Join our panel of experts as they explore how spray drying can be applied to enhance the stability, bioavailability, and manufacturability of various molecules, including peptides, oligonucleotides, small molecules, monoclonal antibodies, and nutraceuticals. This session will cover the latest innovations in spray drying technology, and provide valuable insights into formulation development, process parameters optimization, and large-scale production. Attendees will also learn how to maintain molecular integrity during the spray drying process and leverage in-silico tools to streamline commercialization.

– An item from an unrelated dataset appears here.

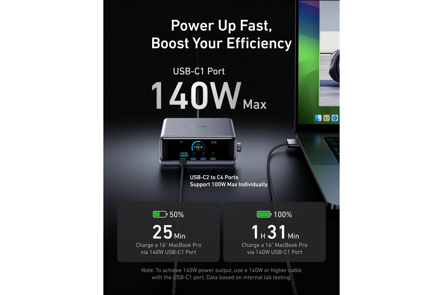 Power up your 16-inch MacBook Pro to 50% in just 25 minutes using the first USB-C port, which delivers 140W to significantly boost your productivity.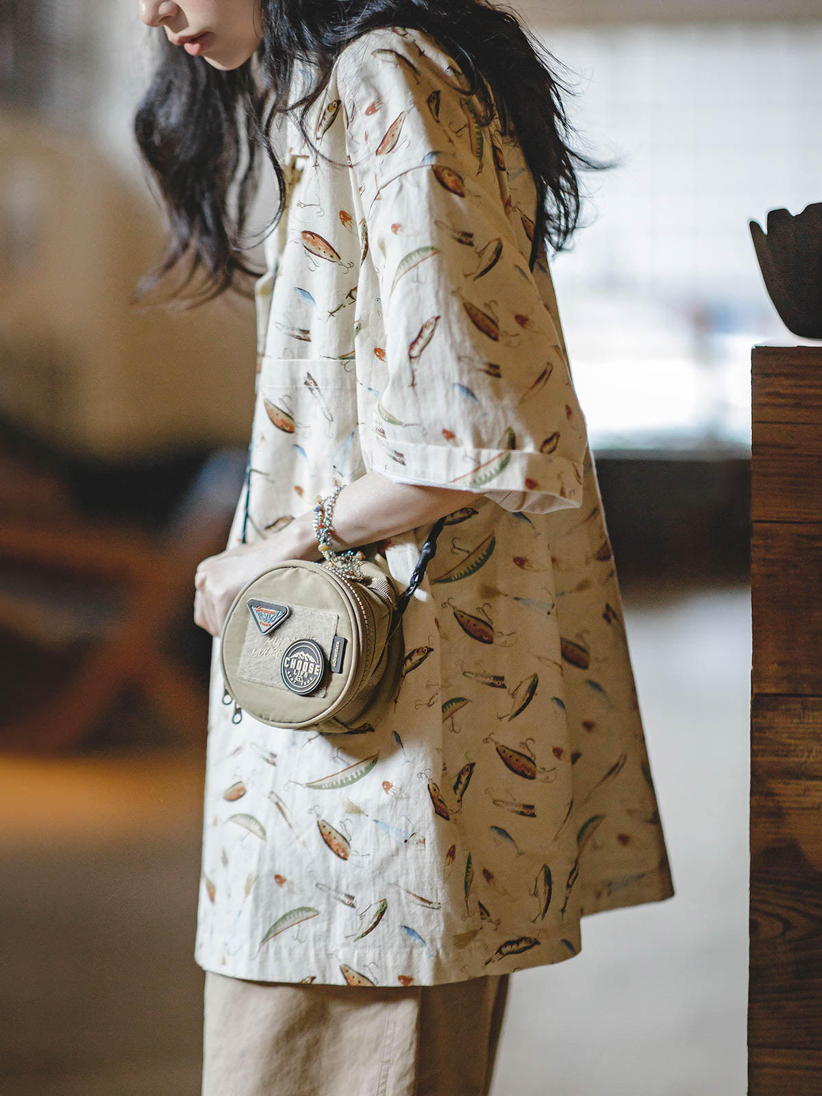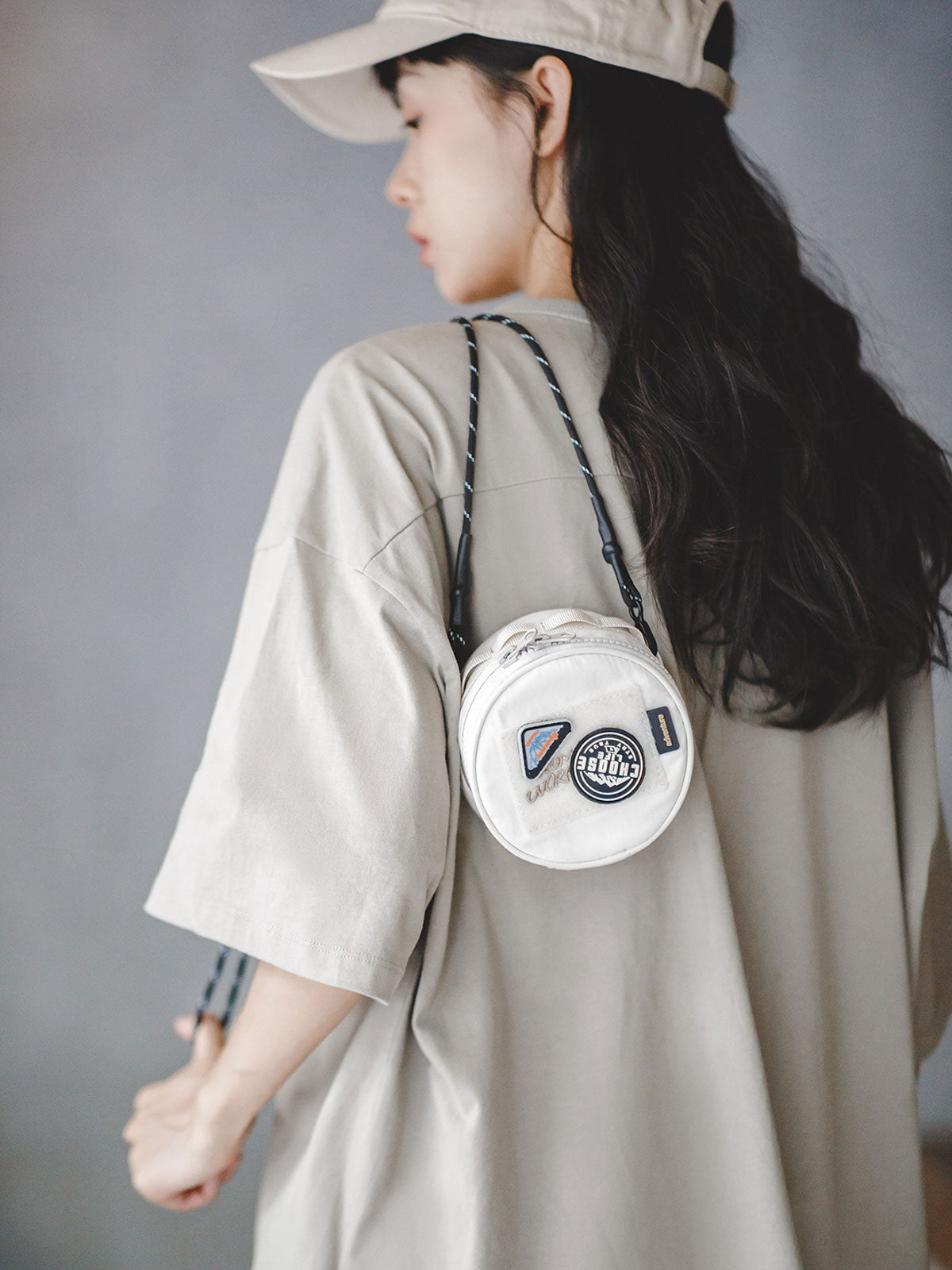 多機能小型ラウンドバッグ、日常使いやアウトドア活動に適し、スタイリッシュで実用的。

Whether you’re working with small-scale experimental formulations or preparing for commercial manufacturing, this webinar will equip you with actionable strategies needed to optimize your development pipeline and succeed in spray drying applications.
Key Learning Objectives:
Discover how spray drying extends beyond amorphous solid dispersions to tackle the stabilization and manufacturing challenges of complex compounds, including peptides, oligonucleotides, and biologics
Learn effective strategies for scaling up spray drying processes from lab-scale to commercial production, while ensuring product consistency, cGMP compliance, and regulatory adherence
Gain insights into advanced methods for analyzing spray-dried powders, including their particle size distribution, morphology, and flow properties, to ensure optimal performance of diverse pharmaceutical formulations beyond ASDs
Featured Speakers
Lisa Caralli
Senior Director, Scientific Advisory
Catalent
Lisa Caralli
is senior director of scientific advisory at Catalent, overseeing small molecule and peptide scientific support for North America. She has over 30 years of industry experience in pharmaceutical research and development, with a focus on early-phase approaches to the chemistry manufacturing and control of small molecules and peptides. Caralli has held previous product development positions at Ionis Pharmaceuticals, Amylin Pharmaceuticals, and the Immune Response Corporation. She holds a bachelor of science in biochemistry from the University of California, Davis.
Nathan Bennette
Director, Scientific Advisory
Catalent
Nathan Bennette
is the director of scientific advisory at Catalent. He is also a member of Catalent’s small molecule advisory team for North America. In this capacity he works directly with partners to understand the key drug delivery objectives for their specific molecule, collaborate on the target product profile, and define a strategy for the development program. He has over 15 years of experience in pharmaceutical development and delivery with an emphasis in bioavailability enhancement. Bennette is particularly interested in the application of the scientific method early in the design and development process, along with improving clinical outcomes by bringing a ‘right the first time’ approach to formulation and process design. He holds a master’s degree in inorganic and organometallic chemistry from the University of Washington.
Andrew Birkmire
Senior Process Scientist and OSD Manager
GEA
Andrew Birkmire
is a senior process scientist and OSD manager at GEA. His responsibilities include all internal and on-site process testing and development for North American pharmaceutical applications. Birkmire’s background includes extensive experience in coating, drying, and granulation technologies, with a focus on continuous manufacturing processes.
Nima Yazdanpanah
Principal Consultant
Procegence
Nima Yazdanpanah
is a consultant on advanced manufacturing and modeling and simulation applications in bio/pharmaceutical and fine chemical industries. His area of expertise covers process design and development, continuous manufacturing, process simulation, particulate matters, digitalization, and regulation. Prior to starting Procegence, his consultancy firm, Yazdanpanah was a research scientist with the US Food and Drug Administration. He was appointed as a member of an expert team for advancement of emerging technologies to modernize pharmaceutical manufacturing. With 20 years of diverse experience in different industries—including petrochemicals and specialty chemicals, food, and pharmaceuticals—he has worked in R&D, process design, and MSAT sections. At Procegence, he helps companies with process development, scaling-up, optimization, and tech transfer. He aims to bring his clients’ product to market faster, better, and at lower cost.
Trishul Shah
Director Global Sales and Marketing, Head of Sales, Americas
PolyPeptide
Trishul Shah
is the Director of Business Development and Head of North American Sales for the PolyPeptide Group. He is involved in industry peer groups such as the TIDES Advisory committee, Boulder Peptide Symposium Scientific Board, a member of the PolyPeptide Group’s Executive Strategic Team in the US and member of the Global Management Group at PolyPeptide. Trishul joined the PolyPeptide Group as a peptide chemist in 2005 and in 2007 joined Allergan as a pre-formulation chemist. Upon returning to PolyPeptide in 2009, Trishul joined the Business Development group.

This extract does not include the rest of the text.